If we stick to a very zoomed-out map, or if we have a really huge computer running Blender, we could try to do a hillshade for the entire world, and then slice that up for our map tiles. But there’s no way we could do this at a high-enough resolution so you could zoom all the way in, as in the sample tiles above.

Challenge accepted! (Spoiler: I'm not there yet).

I tried Rayshader. I wanna be honest: it's easy, quick, but I didn't like the results. It seemed like no matter how high you put the sun, it always drew very long shadows. So despite its pragmaticism, I left it on a side.

So I picked up what I did in the past and tried to apply it to a map. I re-rendered everything and applied it to my style. The outcome was encouraging:

To start with, I probably did that render with not enough render passes, so the output looks grainy. Second, the material color is too bright, so the height tints are washed out. Still, we can see the big shadow cast over the valley some 3200m below the Mont Blanc/Monte Bianco.

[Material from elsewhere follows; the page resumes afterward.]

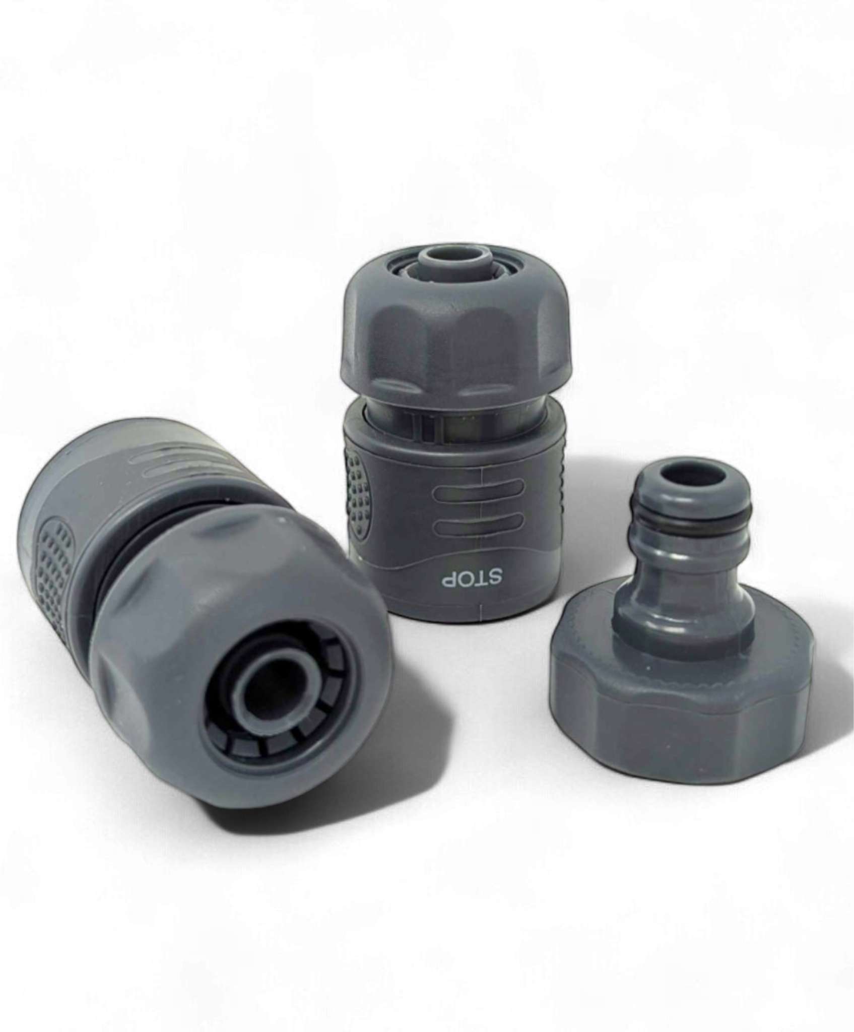 Este práctico y elegante juego te permite conectar la manguera de jardín de forma segura y sin goteos. Es un accesorio imprescindible para el riego del jardín, ya que facilita considerablemente el riego diario.

This proved to be a good place to test the method, because of the great difference between the valley and the peak casting the shadow over it, and that lead me to think: are there more extreme places in the world? An easy bet is yes, and the place to look for them was the Himalayas. The Aconcagua could have been a good contender, but the valley at its SE is some 4550m already. Surprisingly, the way I searched for a good place was to use existing maps with the usual hill shade technique, looking for big dark spots, specially those wide in the NW-SE direction. I first found my spot in the Tukuche Peak, that looms some 4350m above the Gandaki River, and then the nearby Dhaulagiri, that's even some 1250m higher, clocking at 8167m. Here's how they look (not the big structure in the upper left, but the bigger grey [8000m+] blob to the East of it; the river snakes in the right all the way down):

I had to add 3 more color bands to my style and reshuffle them because I never rendered any 8k'er before, so the colors were haphazardly concocted for the rendering and are not definitive. At least it lets you behold the grandiosity of that rock jutting through thousands and thousands of meters with very steep sides.

Time to get real. I usually render regions were I'll be going, and next time it's the Upper Segre Valley, so I rendered N42E001-2 in one go. That's 7201x4884px after reprojecting to WebMercator (and compensating as described in the second link!), so some 35Mpx. Blender took some 44m+ on a 4.5yo medium-high spec'ed laptop at 200 render samples, which means that I can continue to render small regions this way, but that for the moment I won't be applying this technique to the whole Europe.

Up to here I was just applying the same style in QGIS, which has been an indispensable tool to develop this style. But trying these TIFFs in mapnik for the first time needed an extra step. Well, two, in fact. Blender does not save the TIFFs georeferenced, so you have to copy the data from the original DEM. For that, use -a_srs ... -a_ullr ... with the right ESPG and the data from the output of gdalinfo. Next, for some reson, it always use 16bits integers, even when explicitly saying to use 8. This little snippet takes care of that:

import imageio

image = imageio.imread('pirinoak-blender-10x.tif')
image = image / 256
image = image.astype('uint8')
imageio.imwrite('pirinoak-blender-10x-8bits.tif', image)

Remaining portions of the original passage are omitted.